_WHAT YOU ARE ASKED TO DO:_ Set down each line of the material that follows, exactly, with no pictures.

_AVAILABLE DATA:_

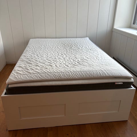 Brimnes seng fra IKEA. Sengen er 80x200. Kan trekkes ut til dobbel seng. Veldig praktisk oppbevaring under senga i den 2 skuffene.
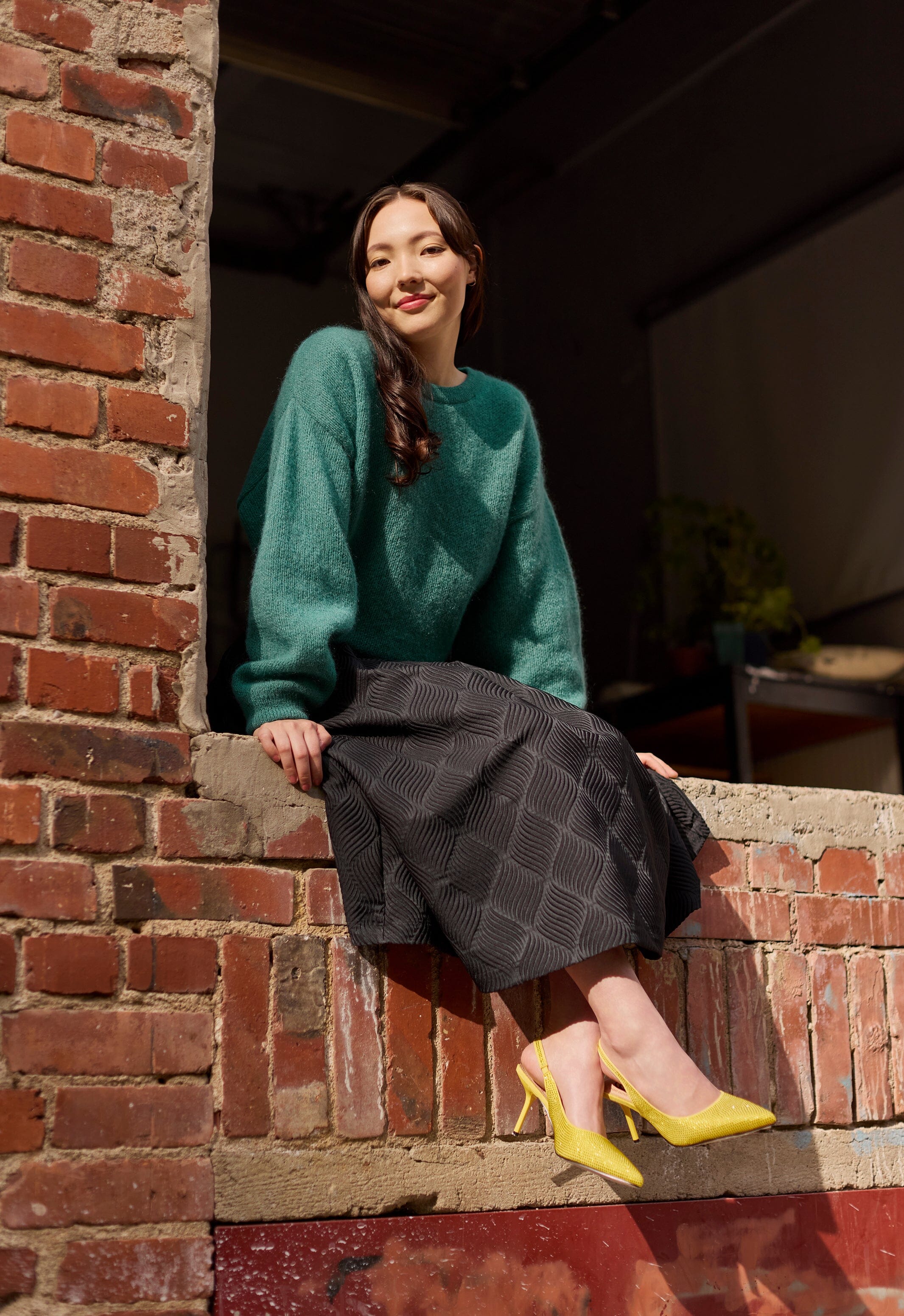 Mohair Sweater -neulepaita sävyssä Wasabi on Metsolan neulemalliston raikas tulokas – uusi, ylellinen neulepaita, jossa yhdistyvät luonnonmateriaalien pehmeys ja moderni muotoilu. Suomessa, Tuusulassa valmistettu neule on tehty laadukkaasta mohairista ja merinovillasta, jotka tekevät siitä yhtä aikaa ilmavan, lämpimän ja ylellisen tuntuisen.
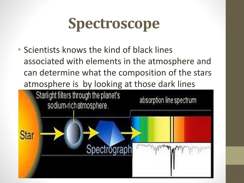 Spectroscope • Scientists knows the kind of black lines associated with elements in the atmosphere and can determine what the composition of the stars atmosphere is by looking at those dark lines

_SOLVED PROBLEM:_
 Brimnes seng fra IKEA. Sengen er 80x200. Kan trekkes ut til dobbel seng. Veldig praktisk oppbevaring under senga i den 2 skuffene.
 Mohair Sweater -neulepaita sävyssä Wasabi on Metsolan neulemalliston raikas tulokas – uusi, ylellinen neulepaita, jossa yhdistyvät luonnonmateriaalien pehmeys ja moderni muotoilu. Suomessa, Tuusulassa valmistettu neule on tehty laadukkaasta mohairista ja merinovillasta, jotka tekevät siitä yhtä aikaa ilmavan, lämpimän ja ylellisen tuntuisen.
 Spectroscope • Scientists knows the kind of black lines associated with elements in the atmosphere and can determine what the composition of the stars atmosphere is by looking at those dark lines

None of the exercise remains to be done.